**WHAT NEEDS TO BE DONE:** Retype the entries exactly; omit all pictures.

::: SUPPLIED MATERIAL

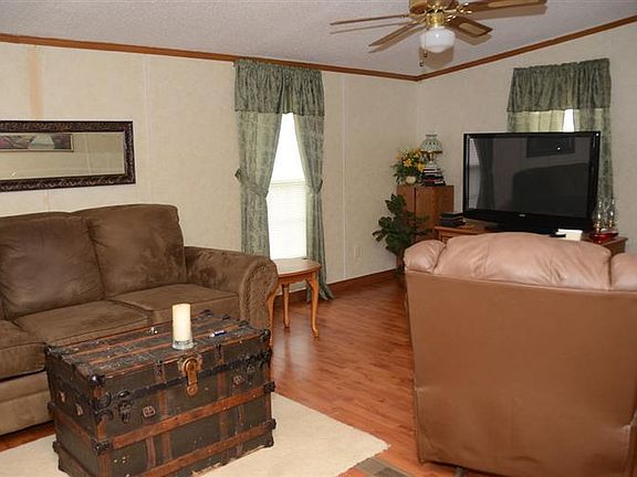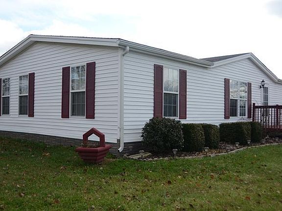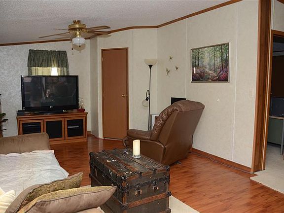 Conveniently located just 15 minutes from I-75! Ranch floor plan with 28x12 LR; New flooring throughout; kitchen appliances included; 5 acres; active well on property; city water; 50x32 custom detached 3 car garage; 2BR-2BA; newer roof, siding, skirting.
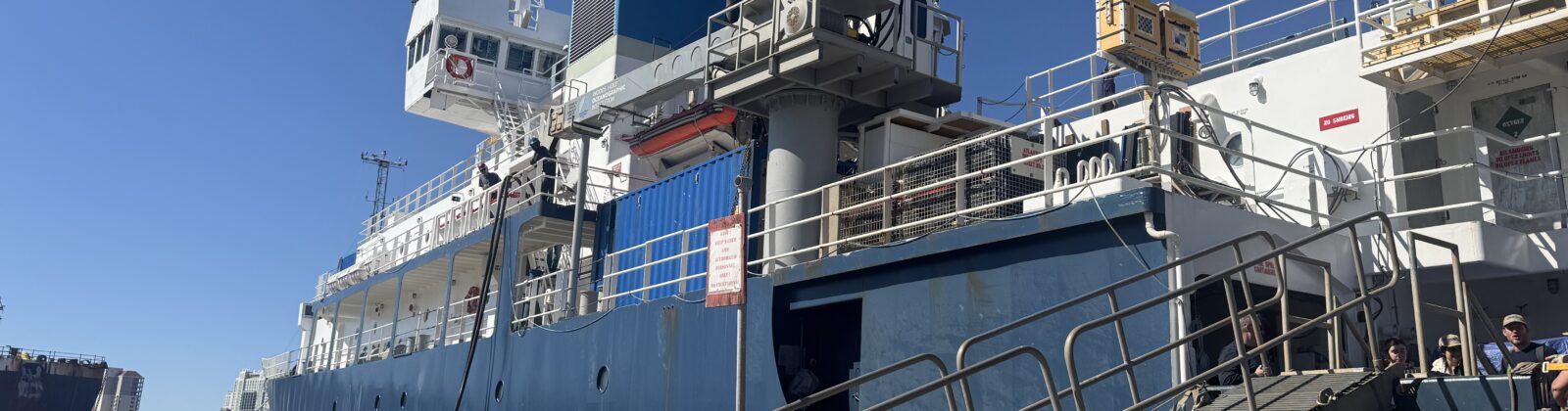 Tampa Bay welcomed us with whistling dolphins as we were piloted into the port. Most of our morning consisted of scanning the horizon for wildlife and barrier islands until the R/V Atlantis was docked and cleared customs. As soon as we got the signal from the bridge, we headed off the ship. But before we left, we met one of the scientist leading expedition AT 50-45 on the R/V Atlantis, the expedition prior to our arrival. Their mission was to collect samples from a recent submarine eruption using the Jason ROV. This eruption occurred on April 28th and 29th, 2025 on the East Pacific Rise. The samples consisted of some of the youngest glassy basalt on the planet. He explained the samples got their texture from the almost instantaneous cooling the erupting lava was subjected to. To top it off, we were offered some small pieces of sample rock the science team collected which was very exciting for STEMSEAS’ participants and mentors.
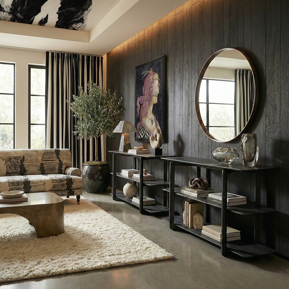 Versatilitatea acestei console din lemn masiv este nelimitată. Într-un decor de living, o poți accesoriza cu o lampă sculpturală, stive de albume de artă și o oglindă rotundă supradimensionată deasupra, pentru a crea un punct focal dramatic.
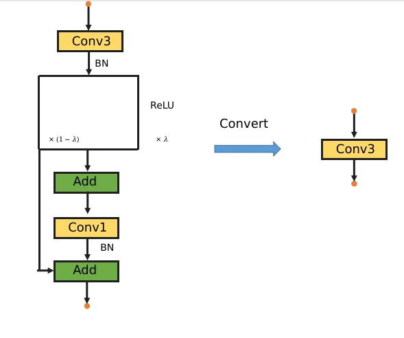总的来说,这种设计使得模型在训练过程中借助多层卷积和非线性获得更强的学习能力;推理阶段,非线性消失则为减少网络深度提供了可能。
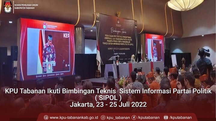 Sebagaimana dilansir dari media sosial KPU Tabanan (Facebook) yang diunggah pada (25/07/2022), “Menyamakan persepsi dan memberikan pemahaman regulasi dan kebijakan tentang pendaftaran, verifikasi, dan penetapan partai politik peserta Pemilu serta pengenalan fungsi Sistem Informasi Partai Politik ( SIPOL ), KPU mengadakan kegiatan Bimtek tentang hal dimaksud, berlangsung di Jakarta, 22 s.d 25 Juli 2022.
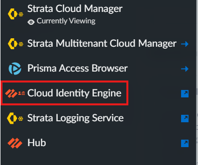 Identity Engine (CIE) console. Access the CIE console by clicking the tenant icon
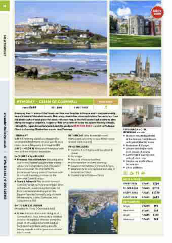 DAY 1 A morning departure, stopping for lunch and refreshments on your way to your resort hotel in Newquay. 4 or 6 nights DBB DAY 2 – 4 (OR 6) At leisure in Newquay with two or three included excursions
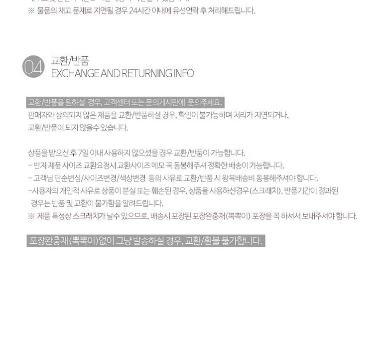 - ㆍ교환/반품에 관한 일반적인 사항은 판매자가 제시사항보다 관계법령이 우선합니다.
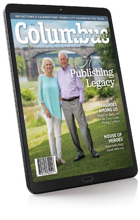 COLUMBUS AND THE VALLEY MAGAZINE is published bimonthly for $18 per year by Valley Life Ventures, LLC dba COLUMBUS AND THE VALLEY MAGAZINE, P. O. Box 229, Columbus, GA 31902. The cover and contents are fully protected and may not be reproduced in whole or in part without the written consent of COLUMBUS AND THE VALLEY MAGAZINE. We are not responsible for loss of unsolicited inquiries, manuscripts, photographs, or other materials. They will not be returned unless accompanied by return postage. Editorial contributions and letters should be addressed to COLUMBUS AND THE VALLEY MAGAZINE, Post Office Box 229, Columbus, GA 31902. Copyright © 2023 by Valley Life Ventures, LLC trading as COLUMBUS AND THE VALLEY MAGAZINE. Postmaster: Please send address corrections to: Post Office Box 229, Columbus, GA 31902.
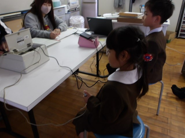 今日は1~3年生の皆さんの聴力検査を実施します。「音が鳴っているあいだは、ボタンを押してください」という保健室の先生のお話を、皆さん真剣に聞いています。実際の検査では「なんかピーッて鳴ってる」とのこと。しっかり聞こえているようで、いいね~!
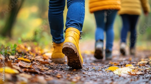 hiking, autumn, fall, nature, walk, leaf, forest, wood, yellow, boot, family, trail, path, adventure, scenic, landscape, travel, exploration, journey, season, colourful, tree, mud, ground, leg, people, group, clothing, jean, jacket, shoe, footwear, weather, wet, day, relaxed, tranquil, peaceful, serene
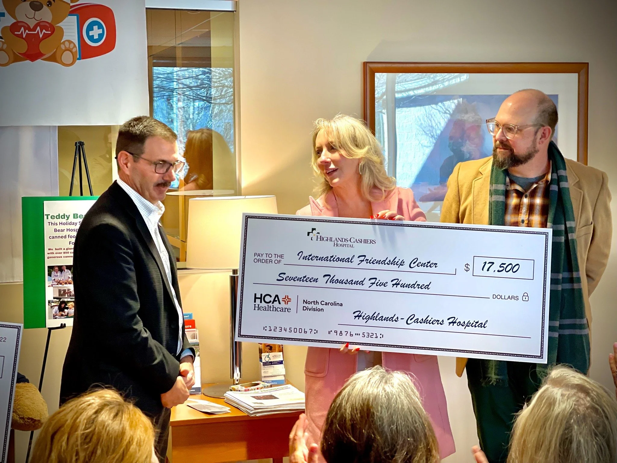 Food Pantry Director, Bonnie Dayton (center), and Executive Director, T. J. Smith (right), accept a check from the Highlands Cashiers Hospital CEO Tom Neal (left).
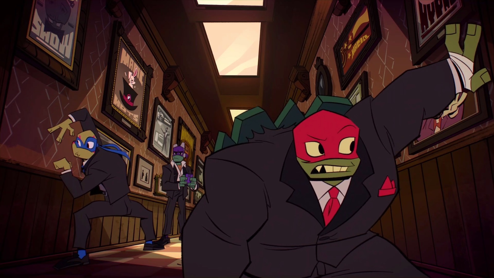 tortues cherchaient à s’habiller de manière très chic. Après avoir essayé des tonnes de vêtements, Michelangelo ne parvenait pas à se souvenir dans quel buts lui et ses frères faisaient cela. Soudain, la mémoire revint par bribes à Leonardo. La tortue avait gagné des tickets pour entrer dans un club qui révèlerait les notes des tours du magicien Houdini ! Ils devaient se mettre sur leur 31 pour entrer ! Alors que Donatello s’apprêtait à prendre des photos des tortues bien habillées, il trouva plusieurs autres images sur son téléphone. Des images des quatre frères, déjà en costumes. Mais personne ne se souvenait de ce moment…
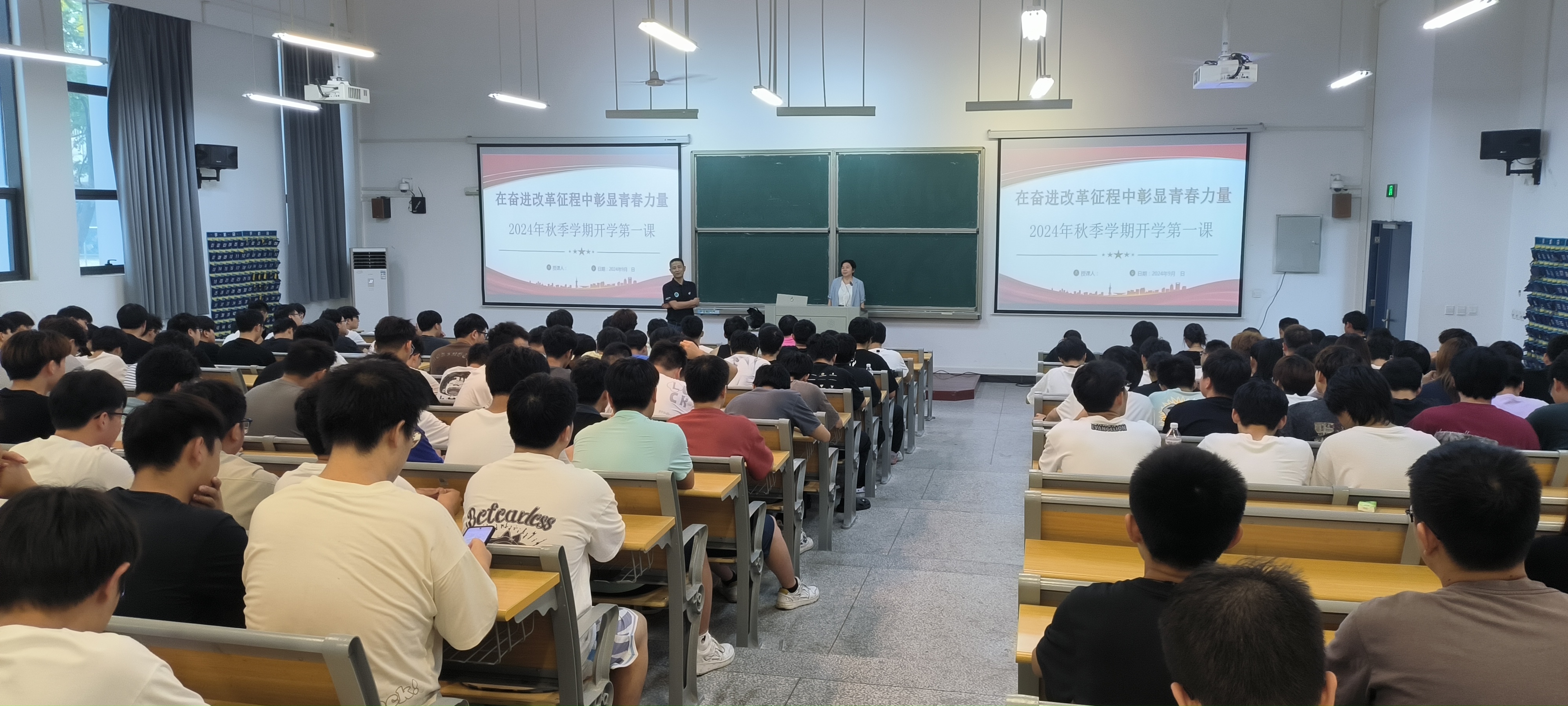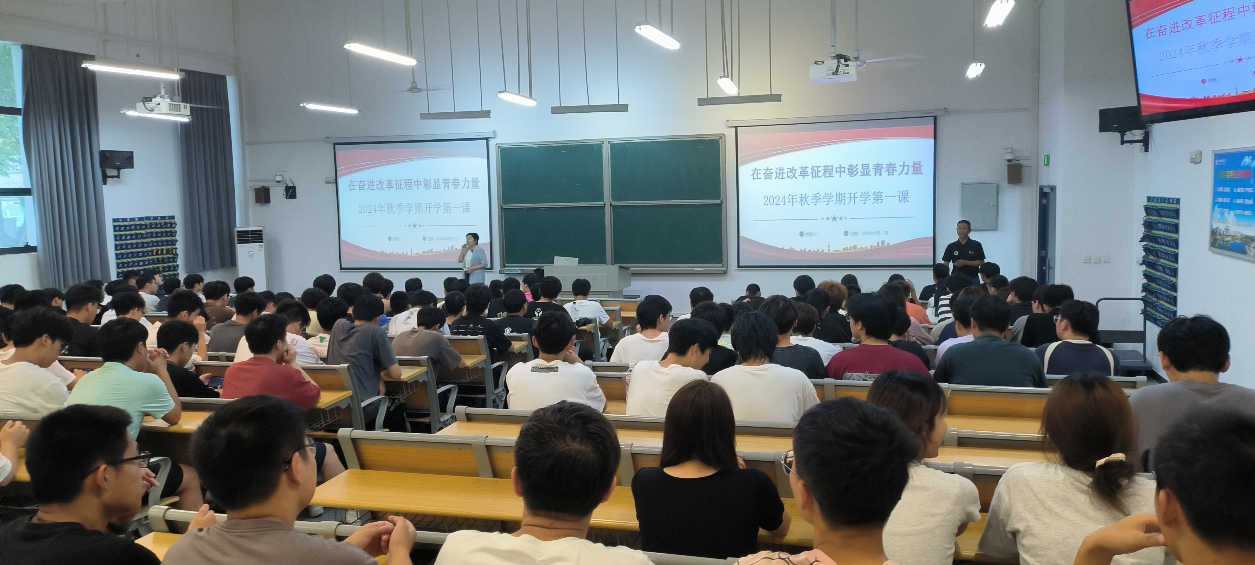 9月11号下午两点半,校宣传部部长魏华在汇心湖校区北教101为永利集团304am登录学生开展了以“在奋进改革征程中彰显青春力量”为主题的开学第一课讲座,永利集团304am登录汇心湖校区全体学生聆听了讲座。

::::::

**EXERCISE ANSWER:**
 Conveniently located just 15 minutes from I-75! Ranch floor plan with 28x12 LR; New flooring throughout; kitchen appliances included; 5 acres; active well on property; city water; 50x32 custom detached 3 car garage; 2BR-2BA; newer roof, siding, skirting.
 Tampa Bay welcomed us with whistling dolphins as we were piloted into the port. Most of our morning consisted of scanning the horizon for wildlife and barrier islands until the R/V Atlantis was docked and cleared customs. As soon as we got the signal from the bridge, we headed off the ship. But before we left, we met one of the scientist leading expedition AT 50-45 on the R/V Atlantis, the expedition prior to our arrival. Their mission was to collect samples from a recent submarine eruption using the Jason ROV. This eruption occurred on April 28th and 29th, 2025 on the East Pacific Rise. The samples consisted of some of the youngest glassy basalt on the planet. He explained the samples got their texture from the almost instantaneous cooling the erupting lava was subjected to. To top it off, we were offered some small pieces of sample rock the science team collected which was very exciting for STEMSEAS’ participants and mentors.
 Versatilitatea acestei console din lemn masiv este nelimitată. Într-un decor de living, o poți accesoriza cu o lampă sculpturală, stive de albume de artă și o oglindă rotundă supradimensionată deasupra, pentru a crea un punct focal dramatic.
总的来说,这种设计使得模型在训练过程中借助多层卷积和非线性获得更强的学习能力;推理阶段,非线性消失则为减少网络深度提供了可能。
 Sebagaimana dilansir dari media sosial KPU Tabanan (Facebook) yang diunggah pada (25/07/2022), “Menyamakan persepsi dan memberikan pemahaman regulasi dan kebijakan tentang pendaftaran, verifikasi, dan penetapan partai politik peserta Pemilu serta pengenalan fungsi Sistem Informasi Partai Politik ( SIPOL ), KPU mengadakan kegiatan Bimtek tentang hal dimaksud, berlangsung di Jakarta, 22 s.d 25 Juli 2022.
 Identity Engine (CIE) console. Access the CIE console by clicking the tenant icon
 DAY 1 A morning departure, stopping for lunch and refreshments on your way to your resort hotel in Newquay. 4 or 6 nights DBB DAY 2 – 4 (OR 6) At leisure in Newquay with two or three included excursions
 - ㆍ교환/반품에 관한 일반적인 사항은 판매자가 제시사항보다 관계법령이 우선합니다.
 COLUMBUS AND THE VALLEY MAGAZINE is published bimonthly for $18 per year by Valley Life Ventures, LLC dba COLUMBUS AND THE VALLEY MAGAZINE, P. O. Box 229, Columbus, GA 31902. The cover and contents are fully protected and may not be reproduced in whole or in part without the written consent of COLUMBUS AND THE VALLEY MAGAZINE. We are not responsible for loss of unsolicited inquiries, manuscripts, photographs, or other materials. They will not be returned unless accompanied by return postage. Editorial contributions and letters should be addressed to COLUMBUS AND THE VALLEY MAGAZINE, Post Office Box 229, Columbus, GA 31902. Copyright © 2023 by Valley Life Ventures, LLC trading as COLUMBUS AND THE VALLEY MAGAZINE. Postmaster: Please send address corrections to: Post Office Box 229, Columbus, GA 31902.
 今日は1~3年生の皆さんの聴力検査を実施します。「音が鳴っているあいだは、ボタンを押してください」という保健室の先生のお話を、皆さん真剣に聞いています。実際の検査では「なんかピーッて鳴ってる」とのこと。しっかり聞こえているようで、いいね~!
 hiking, autumn, fall, nature, walk, leaf, forest, wood, yellow, boot, family, trail, path, adventure, scenic, landscape, travel, exploration, journey, season, colourful, tree, mud, ground, leg, people, group, clothing, jean, jacket, shoe, footwear, weather, wet, day, relaxed, tranquil, peaceful, serene
 Food Pantry Director, Bonnie Dayton (center), and Executive Director, T. J. Smith (right), accept a check from the Highlands Cashiers Hospital CEO Tom Neal (left).
 tortues cherchaient à s’habiller de manière très chic. Après avoir essayé des tonnes de vêtements, Michelangelo ne parvenait pas à se souvenir dans quel buts lui et ses frères faisaient cela. Soudain, la mémoire revint par bribes à Leonardo. La tortue avait gagné des tickets pour entrer dans un club qui révèlerait les notes des tours du magicien Houdini ! Ils devaient se mettre sur leur 31 pour entrer ! Alors que Donatello s’apprêtait à prendre des photos des tortues bien habillées, il trouva plusieurs autres images sur son téléphone. Des images des quatre frères, déjà en costumes. Mais personne ne se souvenait de ce moment…
 9月11号下午两点半,校宣传部部长魏华在汇心湖校区北教101为永利集团304am登录学生开展了以“在奋进改革征程中彰显青春力量”为主题的开学第一课讲座,永利集团304am登录汇心湖校区全体学生聆听了讲座。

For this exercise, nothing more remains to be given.